The era of orthovoltage radiotherapy (RT) and the Ralston Paterson “school of radiation dose delivery” [1] lasted for over 60 years. During these years radiotherapy planning was relatively simple: based on X-ray radiographs and 2D-coplanar, geometrically regular, well-shaped 2–6 beams focused on the tumor (fig. 1), whilst dose distribution was calculated based on diagrams of the percentage depth isodoses.
During the 1970s, cobalt units were gradually replaced by high-tech linear accelerators (Linacs), offering a wide range of MV energy (5–>20 MV) photon and electron beams. As opposed to Paterson’s principles, Fletcher’s rules were based on radiobiological principles, and have been universally accepted [2]. Linacs were gradually enriched with multileaf collimators (MLC), cone-beam CTs, real-time tumor tracking, fusion of the CT and Linacs (tomotherapy). Corollary to these technological innovations, RT planning has begun to use precise 3D-conformal IMRT, IGRT, IART, respiratory gating RT, biologically targeted IMRT [3–14], defined by Coleman et al. [12] as SMART radiotherapy. Irregular beam shapes made it possible to tailor the radiation dose which was focused both on the tumor and its margins, with a sharp decrease of radiation beyond this area (fig. 1). However, clinical practice has shown that this comprehensive and powerful solution is in fact a sword of Damocles. On the one hand, conformal techniques offer a substantial decrease in the dose deposited in the surrounding healthy tissues, and therefore reduce the risk of serious late complications., whilst on the other hand there is a risk of cold spot(s), even small ones, in the tumor volume, due to the dose within the tumor; this is likely to lower the preliminary predicted probability of local tumor control [14].
Such technological and systemic innovations [3–14] in three-dimensional RT has opened the possibility for various altered dose fractionation schedules used either alone or combined with other therapeutic modalities like surgery or chemotherapy [12, 15–17]. Moreover, proton and boron therapy have appeared, yet their set up is extremely expensive so the practical use is still somewhat limited. The next interesting option, increasingly growing in popularity, is stereotactic hypofractionated radiotherapy (radiosurgery, SHRT, SHRS) [18–20]. Although its principles were already defined in 1948 by Takahaschi [8], SHRT has been widely used only since 2000, mainly due to special modifications of the Linacs (VMAT) and the new robotic CyberKnife. A key-principle of this method is the use of many (even more than 100) pencil beams focused on the tumor, with a sharp down dose gradient beyond its bounds (fig. 1). SHRT is an example of a “round game” in radiotherapy, meaning the return of RT to its roots, when in the 1900s, single or a very few large dose fractions were being used. This method was, however, quickly abandoned because of the very high incidence of lethal late complications. After more than 100 years, it came back to the RT arena, offering many pencil beams and robotic computerized 3D-dose planning systems instead of geometrically shaped single or two-dimensional field techniques and a low energy X-ray beam. Moreover, SHRT can be used as radical therapy or as a palliative treatment in the case of single or multiple distant metastases irradiated during a single set-up session. However, SHRT has one important limitation – it can only be used in the case of small and well-defined lesions.
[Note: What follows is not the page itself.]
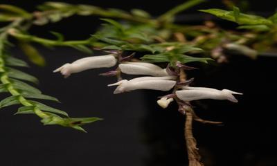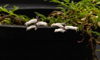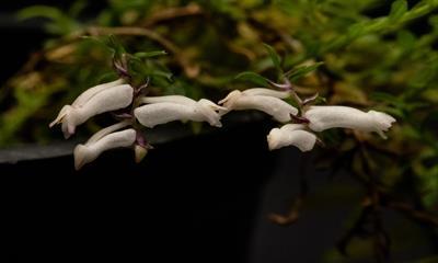Thirteen tubular flowers and three buds on seven fractiflex inflorescences to 0.7 cm; plant 11.0 cm wide x 15.0 cm tall growing in a 5.0cm net pot with sphagnum moss; stem terete, creeping, branching, carrying oblong, apiculate, broadest near the base alternating leaves, largest leaf 0.1 cm wide x 0.4 cm long, green, margins entire, floral bracts triangular, acute, concave, dark pink; root tips green; flowers 0.5 cm long, white with light pink blush on distal segments; sepals merged at the base forming a sort of long obtuse spur and ovate undivided labellum; lip triangular, pale yellow basally; spur white, broad; ovary pale pink, ridged longitudinally; substance light; texture crystalline; species native to Malaysia, Borneo and Java; flowers to small and delicate to dissect; ID by SIFT ____________________.

This impressive progress in the use of radiation as one of the cancer treatment modalities provokes another important question: did all these achievements result in an increase of permanent curability of cancer patients, at least those with head and neck malignant tumors?
End-points of RT effectiveness
Since radiotherapy has been also used as a local treatment of malignant or some benign tumors or localized distant metastases, local tumor control (LTC) has been widely accepted. That is why it is used as an appropriate end-point with a 5-year follow-up, at least for head and neck cancer, because about 80% of local recurrences occur within the first 3 years of completing the irradiation. However, when some cases are lost from observation and their follow-up is shorter than 5-years, then the actuarial LTC is limited, assuming the risk of recurrence which may occur if the follow-up lasts 5 years. The estimated date of an average limited LTC should therefore be interpreted with great caution because such averages might be underestimated.
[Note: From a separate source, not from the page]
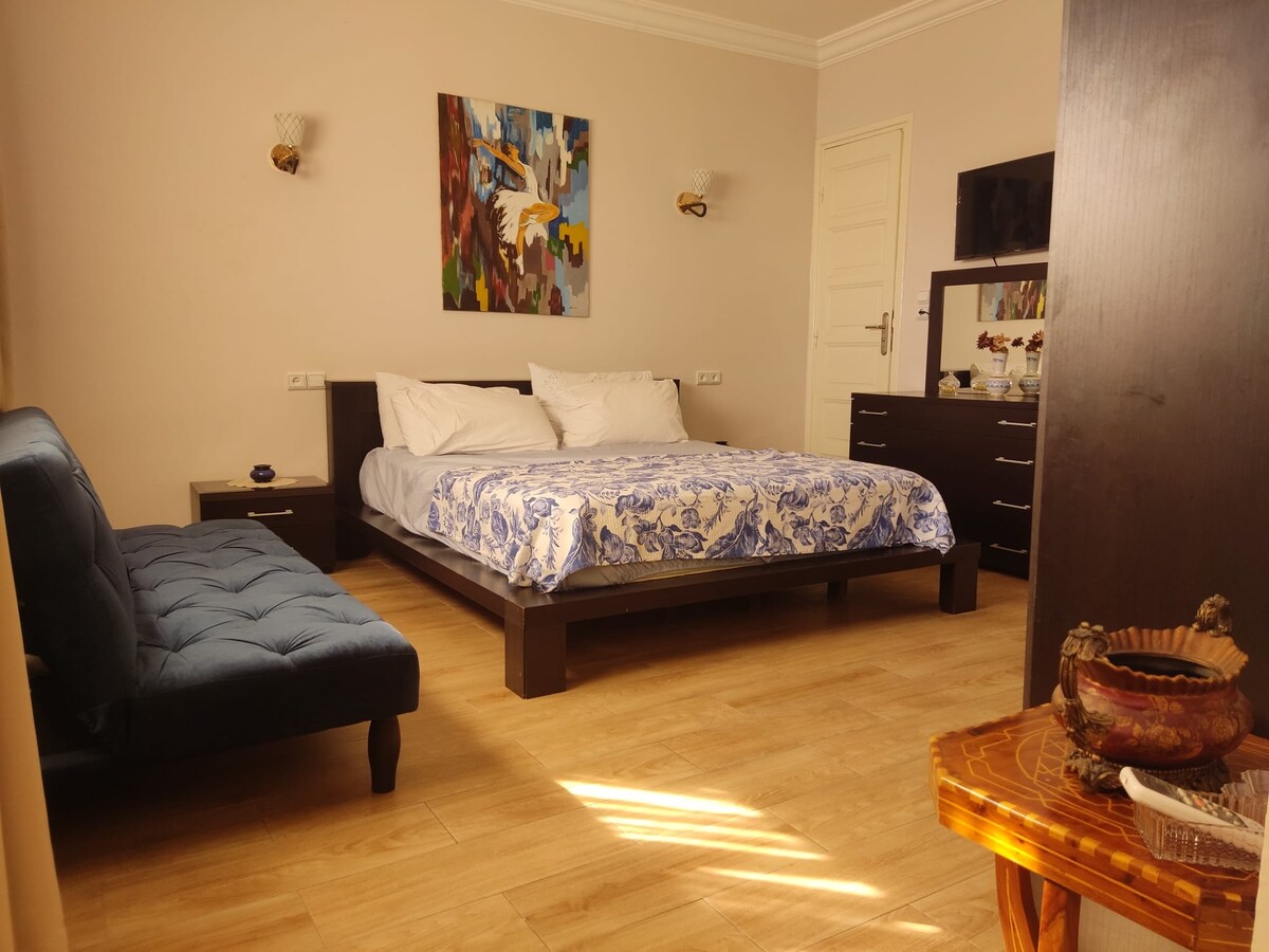 Experience luxury in the heart of Rabat, Morocco's capital city! This refined space features cozy nooks, a comfortable bed, a fully-equipped kitchen, and free WiFi. It has everything you need for a soothing stay. This modern apartment is located in the chic upper side of Agdal, close to the Sofitel Hotel, Descartes School, and Ibn Sina Forest. Conveniently located, the flat is few steps away from the main street, full of shops, cafes and restaurants. It's only 10 minute-drive from the Medina.

Sometimes, LTC is erroneously identified with tumor cure probability (TCP), so it is misinterpreted as an indicator of tumor or even a patient’s curability, which in fact is not. The TCP is only a preliminary predictor of local eradiation of the tumor by the RT and individually estimated based on the tumor origin, type, stage (in fact a tumor volume rather than a stage), and the planned dose fractionation. The TCP is estimated based on radiobiological principles, but it is very often untrue and thus disappointing. If the dose is heterogeneously distributed within the tumor volume, and, for example, 50% of the planned dose is delivered to only 1% of the tumor (usually invisible on a tumor volume histogram [DVH]), then it completely ruins the predicted TCP, and its real value decreases close to zero. Therefore, the TCP has nothing to do with a patient’s curability by RT.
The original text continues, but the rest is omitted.